A radiative-transfer forward model of far- and near-field envelopes confirms this is due to strong near-receiver scattering enhancing anomalous phases in the intermediate and late coda across the 1980 debris avalanche and central crater. Only above this frequency and in the far-field, diffusion onsets at late lapse times. We also implemented a layered model with a shallower layer with increased scattering properties to model late coda envelopes. While the broadening of late coda phases improves, this model cannot explain the phases of the intermediate coda with higher amplitude than the direct waves.

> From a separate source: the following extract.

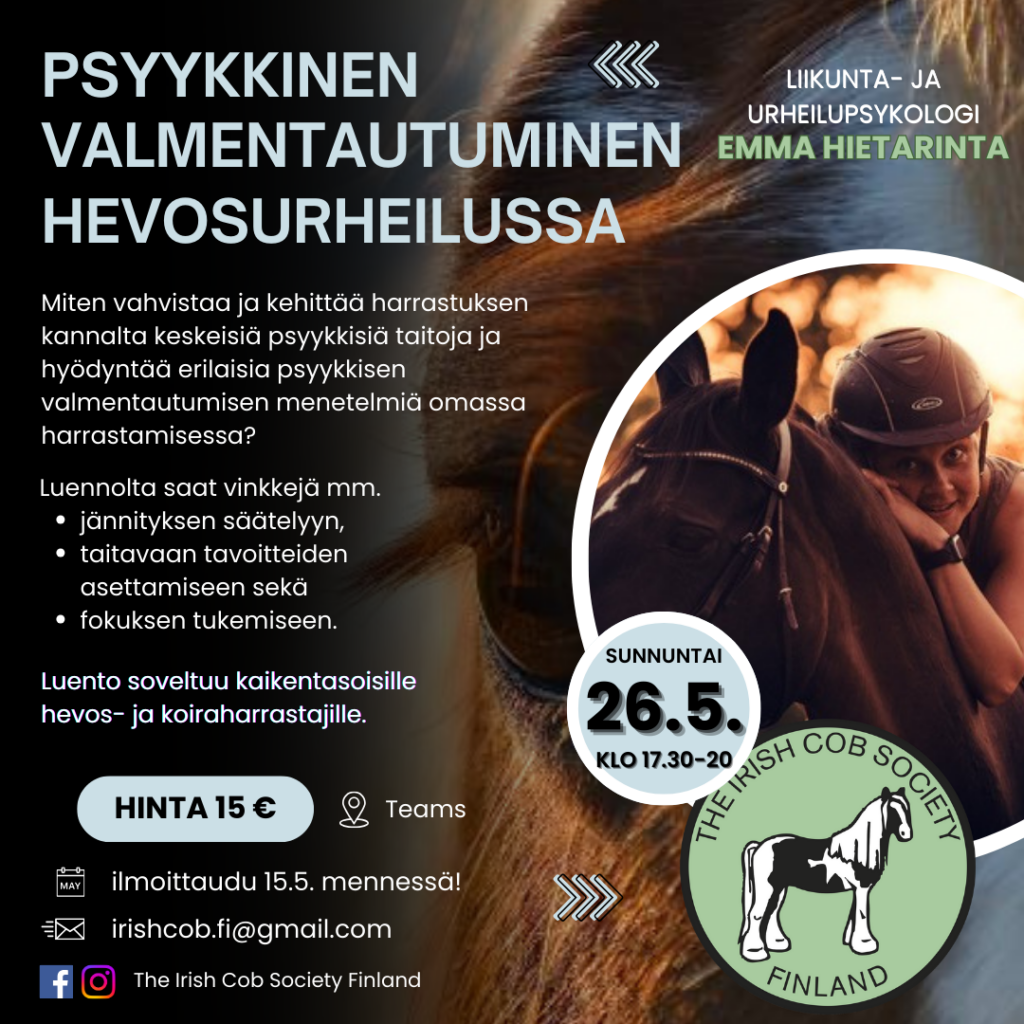 Psyykkinen valmentautuminen hevosurheilussa -luennolla syvennytään toimivan ja mielekkään harrastuksen kannalta keskeisiin psyykkisiin taitoihin ja pohditaan kuinka näitä taitoja on mahdollista itse tietoisesti vahvistaa ja kehittää. Luennolla esitellään erilaisia psyykkisen valmentautumisen menetelmiä ja pohditaan kuinka näitä keinoja voisi hyödyntää ja soveltaa omassa harrastamisessa.

The scattering and absorption parameters derived from MLTWA are used as inputs to construct 2D frequency-dependent bulk sensitivity kernels for the S-wave coda in the multiple-scattering (using the Energy Transport Equations - ETE) and diffusive (AD, independent of MLTWA results) regimes. At 12 Hz, high coda-attenuation anomalies characterise the eastern side of the volcano using both kernels, in spatial correlation with low-velocity anomalies from literature. At 3 Hz, the anomalous albedo, the forward modelling, and the results of the tomographic imaging confirm that shallow heterogeneity beneath the extended 1980 debris-avalanche and crater enhance anomalous intermediate and late coda phases, mapping shallow geological contrasts.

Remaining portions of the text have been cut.